The U.S. Refugee Resettlement Program is currently under fire.
On Friday, a guest speaker at Boise State University's Frank Church Conference warns to not believe everything you hear regarding turmoil in the Middle East, which led to the refugee fall out in the first place.
The panel discussion was focused on the ISIS crisis with ideas circulating on how we, as Americans, should respond.
Some say Americans are too far removed from the issue and let fear pass judgment on all of Islam.
"Another reason to be afraid is just that it probably can't be solved in our lifetimes but the process has to begin at some point," says Scott Ludwig, a BSU junior.
Ludwig, who is a political science major, says it's a scary topic to explore but one that has a rippling affect. He sees value in getting educated on a complicated issue that's been ongoing for years now.

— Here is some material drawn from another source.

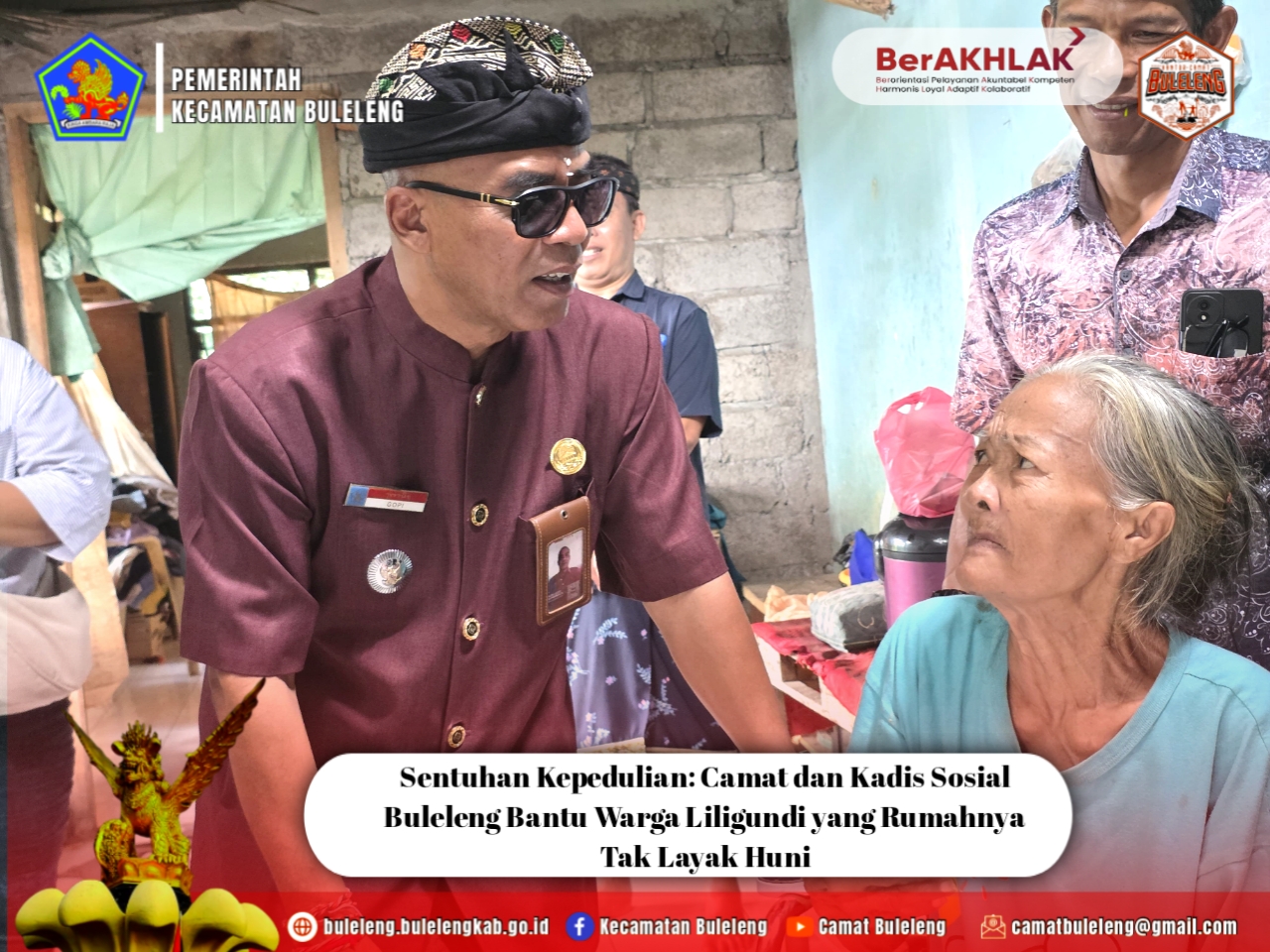 Kunjungan ini merupakan bentuk kepedulian Pemerintah Kabupaten Buleleng terhadap kondisi sosial masyarakat, khususnya warga yang membutuhkan perhatian dan bantuan. Kepala Dinas Sosial bersama Camat Buleleng menyerahkan bantuan berupa paket sembako kepada Ibu Sudanti. Selain itu, tim juga meninjau langsung kondisi rumah yang ditempati, yang diketahui sudah tidak layak huni.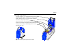 6 Replace the loaded ribbon cartridge in the printer. • Make sure both spindles rest in the black supports on the left side of the printer. • Make sure the ribbon cartridge handle rests in the supports on the right side of the printer. • Make sure to install the full, new spool toward the card tray of the printer. 7 Close the printer cover. Press down firmly to latch it.

After hearing from the panel speakers, Ludwig walked away with a certain level of optimism.
"I feel like I understand better what caused the crisis," he says. "To hear that ISIS is decreasing in territory, that's helpful."
Dr. Nader Hashemi, Center for Middle East Studies director at the University of Denver, talked about those causes and attributed the rise of the ISIS terrorist group to the broken politics of the Middle East.
Talk of banning Muslims in America, or setting up internment camps for Muslims-Americas similar to that of the Japanese-Americans after W.W.II, is something he thinks will only make matters worse.
"There is a lot of Islam-phobia in this country at this moment," Hashemi says. "There's a lot of people, according to opinion polls, who think that Islams and Muslims are fundamentally un-American. So, I think one has to resist the easy temptation to try and explain the problems in the Middle East as a function of one particular religion."
The 32nd Annual Frank Church Conference picks back up on Monday night with a dinner and keynote address by former secretary of defense Leon Panetta.